Pulau Buloh is an uninhabited island located at the northern end of the Sungei Buloh Wetland Reserve with a total size of 1.3 square kilometres (0.5 square miles). The island is uninhabited and is entirely covered in mangrove forests. It also acts as a conservation site for wild animals that inhabit the nature reserve.

==Etymology==
The island is named after buloh, the Malay word for bamboo, suggesting that bamboo was prominent around the area. It is not known what species of bamboo Pulau Buloh is named after, but it was recorded that the island had Bambusa vulgaris, or the common bamboo.

==History==
Mangroves first appeared in the area c. 5000BC (6820 BP), as the flooding of Sundaland caused sea levels to rise due to the retreat of ice during the last glacial maximum. Pulau Buloh, which had plentiful mangrove swamps, was designated as a forest reserve in the 19th century. By the start of the 20th century, the island saw agricultural activities taking place, such as farming cash crops, prawn ponds, and farming freshwater fish, though by the 1980s, prawn farming was the dominant activity.

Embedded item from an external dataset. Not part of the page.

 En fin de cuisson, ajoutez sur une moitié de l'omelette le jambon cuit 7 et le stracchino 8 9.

In 1986, the Singapore government marked Pulau Buloh for agro-industrial development. Around that time, birdwatcher Richard Hale observed birds flying to Pulau Buloh, and with assistance from the Singaporean branch of the Malayan Nature Society, created a movement for Pulau Buloh's bird species and habitat to be protected; they proposed to create a nature reserve in Pulau Buloh.

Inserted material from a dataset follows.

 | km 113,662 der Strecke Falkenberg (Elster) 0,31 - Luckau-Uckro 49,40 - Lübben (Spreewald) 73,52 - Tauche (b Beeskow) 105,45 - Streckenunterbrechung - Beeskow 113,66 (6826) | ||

Despite the intensive development of fish and prawn farms beside the island throughout its history on mainland Singapore, the island has mostly been uninhabited to the present day, with no accessible routes to easily travel to Pulau Buloh. Sluice gates have been installed on the island to manage water levels in the reserve to prevent flooding. However, flooding at high tides have occurred due to aging equipment affecting the efficiency of the gates.

==Geology==
The soil of the island and the nature reserve encompassing it is similar to adjacent areas in the Sungei Buloh Nature Reserve which are also similar to other coastal areas in Singapore. Thin layers of alluvium are present near the surface, while soft clay and decomposed vegetation can be found at depths of 25 metres. Further down, hard clay silts interspersed with sand occupy the layer below. Water ponds found on the island are mostly brackish in nature and water levels at the coastline of the island fluctuate with tide levels recorded in the Straits of Johor. Migratory birds flock to the island during high tide when feeding areas are flooded. The surface layer soil found on the island date back to the Holocene era and are at least more than 3.8 metres deep.

==Wildlife==
Bird species such as the white-bellied sea eagle (Haliaeetus leucogaster) can be found on the island. It is one of the last remaining undeveloped islands left in Singapore that consist entirely of vegetation. However, mangroves in the surrounding area are at risk of retreating, with mangrove cover in the area being 25% less than in 1946, in a study conducted in 1992.
Several species of birds such as the Pacific golden plover (Pluvialis fulva) and the Eurasian whimbrel (Numenius phaeopus) can also be found flying around the island.